In the coming months, consumers will have the ability to see and use the Connected Stores technology — including Caper Carts, Scan & Pay, Lists, Carrot Tags, and FoodStorm software.

Good Food Holdings will also use Storefront Pro to power Bristol Farms’ online store, connect it to its physical store to create a better experience across both.

For retailers, this means eliminating repetitive tasks so employees can focus on things like customer service and higher profits, since customers who shop online and in-person are more engaged and spend more.

Data is one benefit that the release or company doesn't talk about.

The ability to tie online and offline purchases will ease the burden of ad targeting. Not only does it mean more data per individual, but it gives retailers and brands a better understanding of why consumers purchase some products online, while they purchase other products in stores.  

Instacart describes Connected Stores as “a bundle of new and existing Instacart Platform technologies that will help grocers build a unified, seamless, personalized experience” online and in-store. It’s not just about helping retailers build websites and apps, but rather connecting all of Instacart ecommerce solutions like Storefront Pro with new in-store technologies.

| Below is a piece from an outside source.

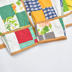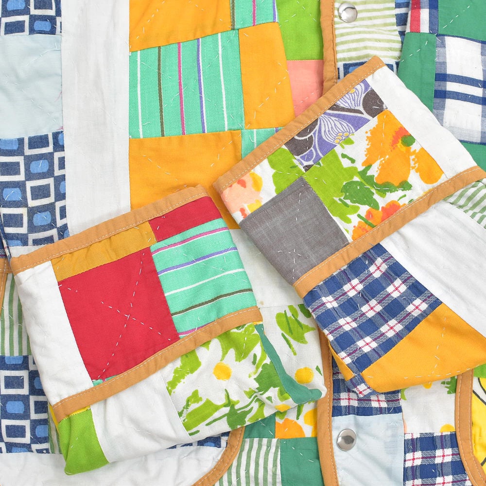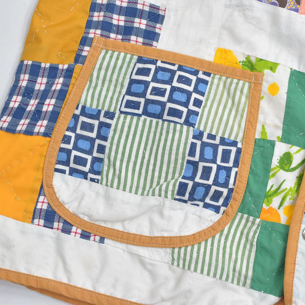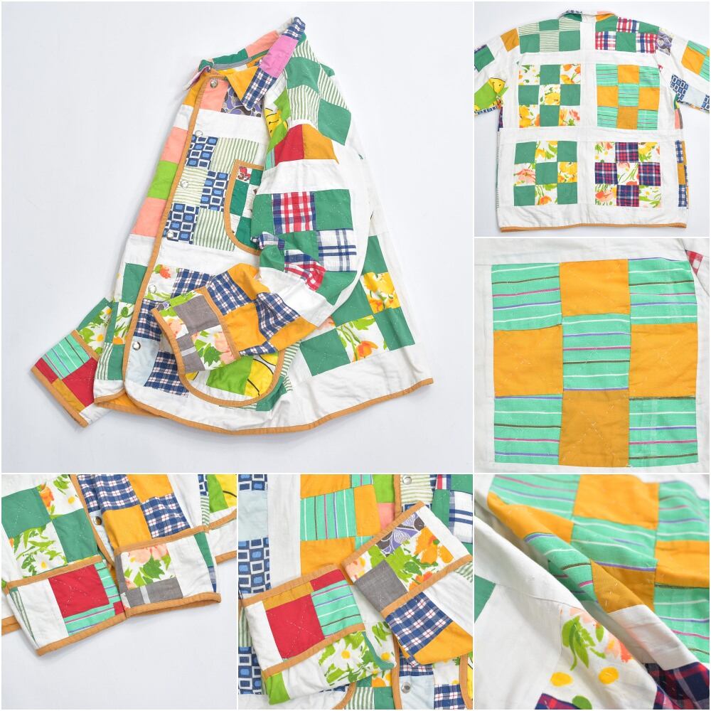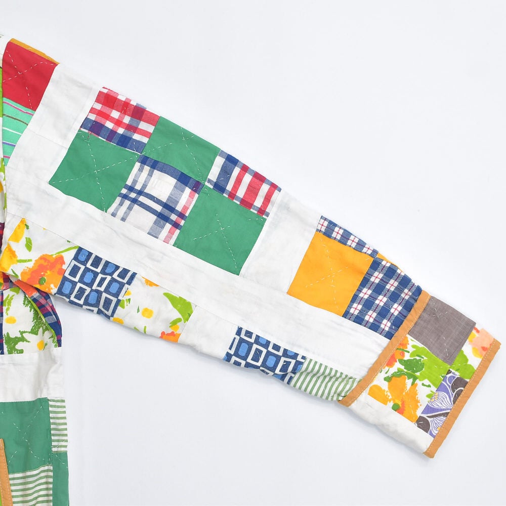 お花やチェック、ストライプ、色々な生地を一枚一枚繋ぎ合わせ、賑やかなジャケットに再構築したパッチワークのジャケット

Services include a new model of Caper Cart, a smart cart powered by artificial intelligence (AI) equipped with scales, sensors, touchscreens, and computer vision technology.

The screen helps customers navigate the store, and unlike self-checkout terminals and other smart carts, the scanless technology eliminates the need to manually scan items.

The items get dropped and checked out from the cart. Instacart says the new cart is slimmer and holds 65% more than the previous version.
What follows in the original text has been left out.